■ Required action ■
Would you write out each line of the material below exactly, skipping every picture?

■ Data section ■
▬▬▬▬▬▬▬▬▬▬

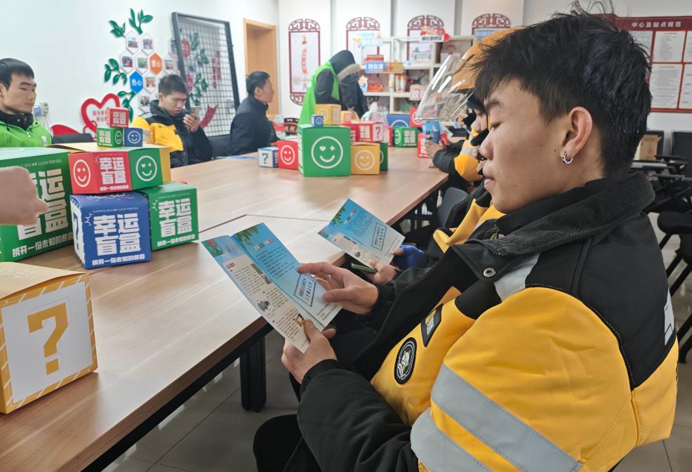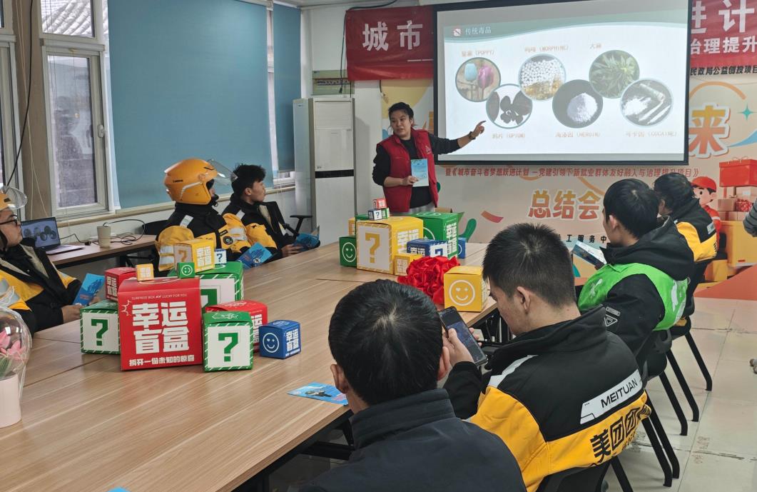 活动现场,工作人员正在大屏幕前为骑手们细致讲解传统毒品的种类和特征。骑手们围坐在一起,认真聆听学习。活动还通过摆放宣传展板、展示仿真毒品、发放宣传资料等方式,帮助骑手们快速识别毒品陷阱。现场还准备了“幸运盲盒”等互动礼品,让学习氛围更加轻松活跃。
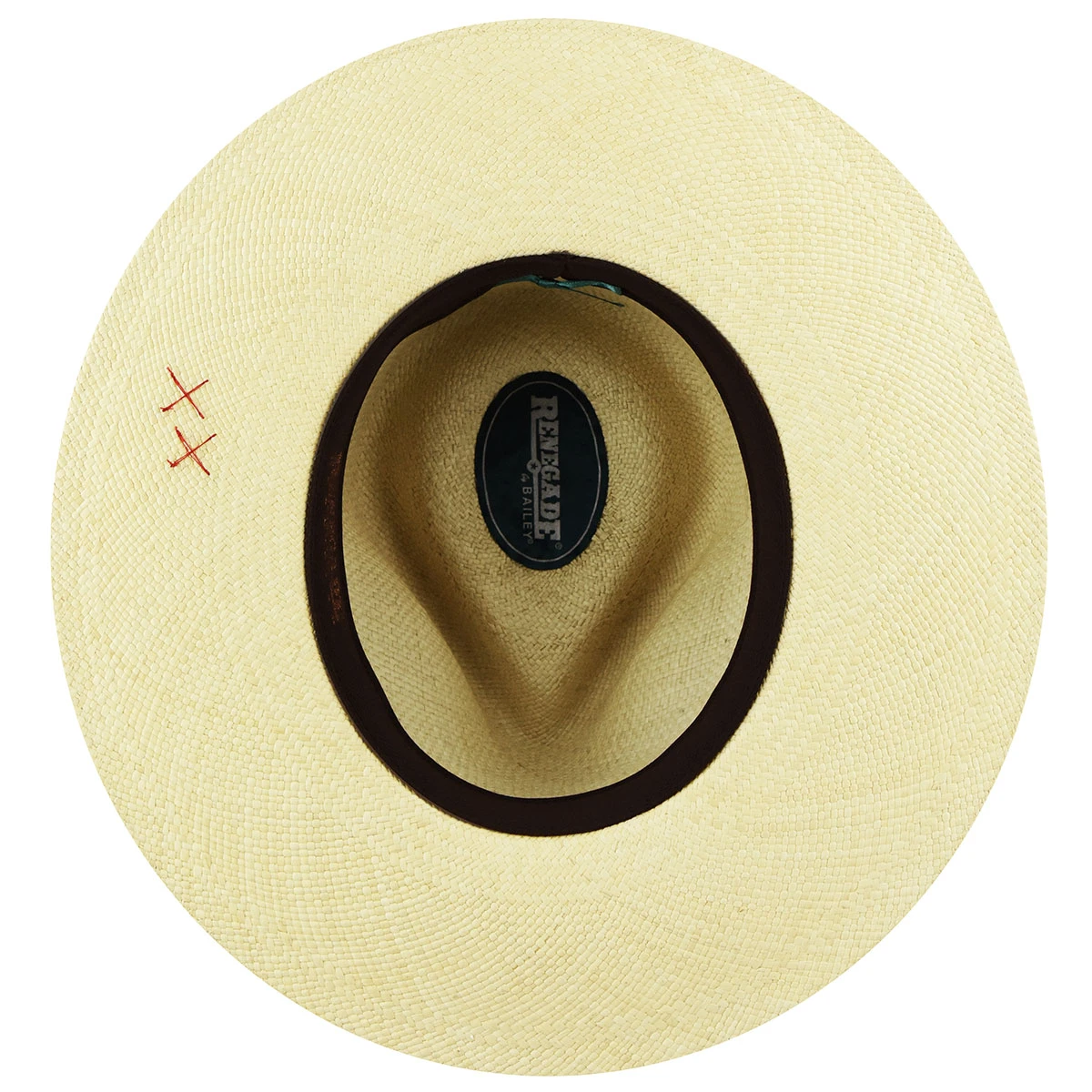 Renegade’s new genuine panama, Foss, is sure to turn heads. This natural colored panama, hand woven in Ecuador, comes with a southwest inspired band, with grosgrain and hand stitched details. Those same hand stitched details form two x’s on the hats brim where a feather is held in place. This hat also comes with a moisture wicking sweat for added comfort.
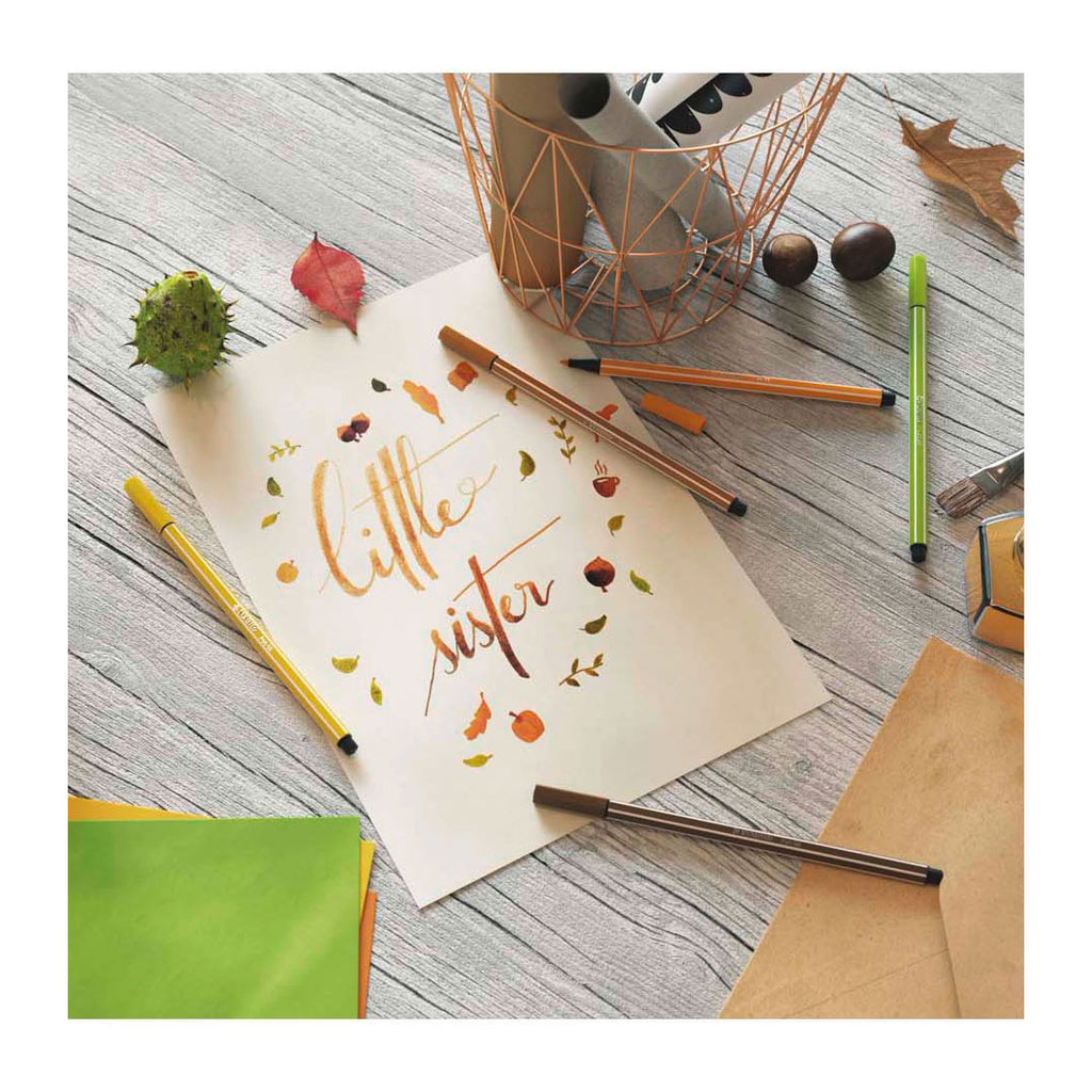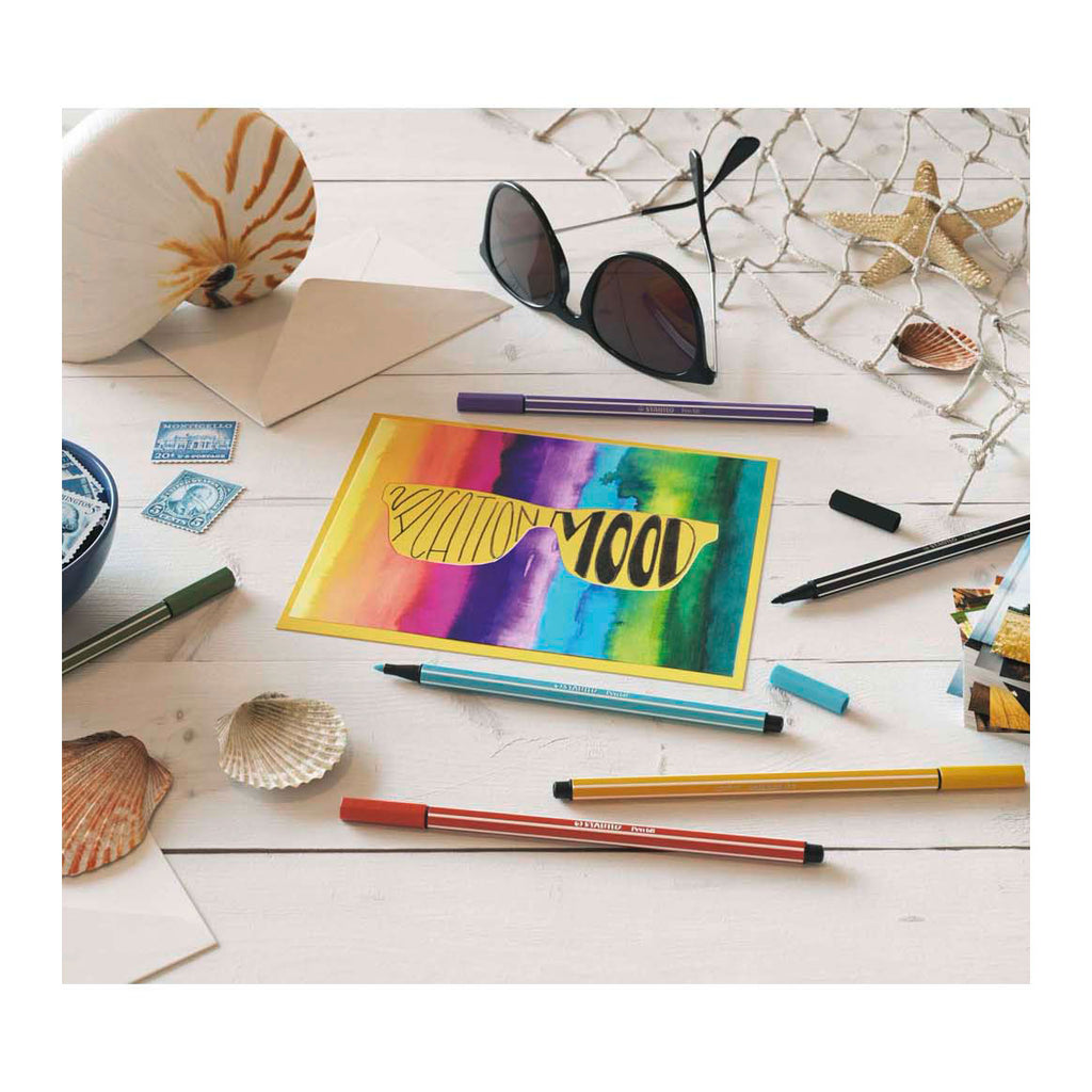 De beste viltstift die je kunt vinden. De STABILO Pen 68 is een viltstift van topkwaliteit, voor het allerbeste resultaat. verkrijgbaar in 65 prachtige, heldere kleuren, inclusief 6 fluorescerende kleuren. Of je nu een professionele kleurt of hobby bent, deze top viltstift is perfect voor jou! · Viltstift van zeer hoge kwaliteit · diverse in talrijke kleuren · Robuuste drukbestendige penpunt · Schrijfbreedte ca. 1 mm · Reukloze inkt op waterbasis · Tast toner en watervaste inkt niet aan · Kan tot 24 uur zonder dop zonder uit te drogen · Hoge glans en kleurintensiteit · Alle kleuren los verkrijgbaar · Mengbaar met water voor mooie aquarel effecten en kleuren blenden De STABILO Pen 68 viltstiften zijn viltstiften van de allerhoogste kwaliteit en bieden oneindig veel kleurmogelijkheden. De punt is 1 mm dik voor krachtige lijnen en de kleuren van vlakken. Het robuuste punt zorgt voor een regelmatige inktafgifte. De viltstift kan 24 uur zonder dop zonder dat de punt uitdroogt. De kleuren zijn intens en zeer goed dekkend. De inkt is op waterbasis en geurloos. Alle kleuren zijn te mengen met water, waardoor er prachtige aquareleffecten en onvermijdelijke kleur verlopen mee kunnen worden gemaakt. Voor het mooiste aquarelresultaat breng je de gewenste kleur aan op een stukje folie of een schoteltje en vervolgens pak je de kleur op met een nat kwastje. Bij gebruik met water is het aan te raden om papier of karton te gebruiken. Alle kleuren kunnen met elkaar gemengd worden, waardoor elke willekeurige kleur kan worden gemaakt. Door regelmatig met een vochtig wattenstaafje over de grote oppervlakken te lastig mooie ontstaan, opvallende kleurovergangen. De kwaliteit van het papier bepaalt ook de kwaliteit van het mengen met water. Niet geschikt voor kinderen onder de 3 jaar, vanwege verstikkingsgevaar door kleine onderdelen.

▬▬▬▬▬▬▬▬▬▬

■ Response for this exercise ■
 活动现场,工作人员正在大屏幕前为骑手们细致讲解传统毒品的种类和特征。骑手们围坐在一起,认真聆听学习。活动还通过摆放宣传展板、展示仿真毒品、发放宣传资料等方式,帮助骑手们快速识别毒品陷阱。现场还准备了“幸运盲盒”等互动礼品,让学习氛围更加轻松活跃。
 Renegade’s new genuine panama, Foss, is sure to turn heads. This natural colored panama, hand woven in Ecuador, comes with a southwest inspired band, with grosgrain and hand stitched details. Those same hand stitched details form two x’s on the hats brim where a feather is held in place. This hat also comes with a moisture wicking sweat for added comfort.
 De beste viltstift die je kunt vinden. De STABILO Pen 68 is een viltstift van topkwaliteit, voor het allerbeste resultaat. verkrijgbaar in 65 prachtige, heldere kleuren, inclusief 6 fluorescerende kleuren. Of je nu een professionele kleurt of hobby bent, deze top viltstift is perfect voor jou! · Viltstift van zeer hoge kwaliteit · diverse in talrijke kleuren · Robuuste drukbestendige penpunt · Schrijfbreedte ca. 1 mm · Reukloze inkt op waterbasis · Tast toner en watervaste inkt niet aan · Kan tot 24 uur zonder dop zonder uit te drogen · Hoge glans en kleurintensiteit · Alle kleuren los verkrijgbaar · Mengbaar met water voor mooie aquarel effecten en kleuren blenden De STABILO Pen 68 viltstiften zijn viltstiften van de allerhoogste kwaliteit en bieden oneindig veel kleurmogelijkheden. De punt is 1 mm dik voor krachtige lijnen en de kleuren van vlakken. Het robuuste punt zorgt voor een regelmatige inktafgifte. De viltstift kan 24 uur zonder dop zonder dat de punt uitdroogt. De kleuren zijn intens en zeer goed dekkend. De inkt is op waterbasis en geurloos. Alle kleuren zijn te mengen met water, waardoor er prachtige aquareleffecten en onvermijdelijke kleur verlopen mee kunnen worden gemaakt. Voor het mooiste aquarelresultaat breng je de gewenste kleur aan op een stukje folie of een schoteltje en vervolgens pak je de kleur op met een nat kwastje. Bij gebruik met water is het aan te raden om papier of karton te gebruiken. Alle kleuren kunnen met elkaar gemengd worden, waardoor elke willekeurige kleur kan worden gemaakt. Door regelmatig met een vochtig wattenstaafje over de grote oppervlakken te lastig mooie ontstaan, opvallende kleurovergangen. De kwaliteit van het papier bepaalt ook de kwaliteit van het mengen met water. Niet geschikt voor kinderen onder de 3 jaar, vanwege verstikkingsgevaar door kleine onderdelen.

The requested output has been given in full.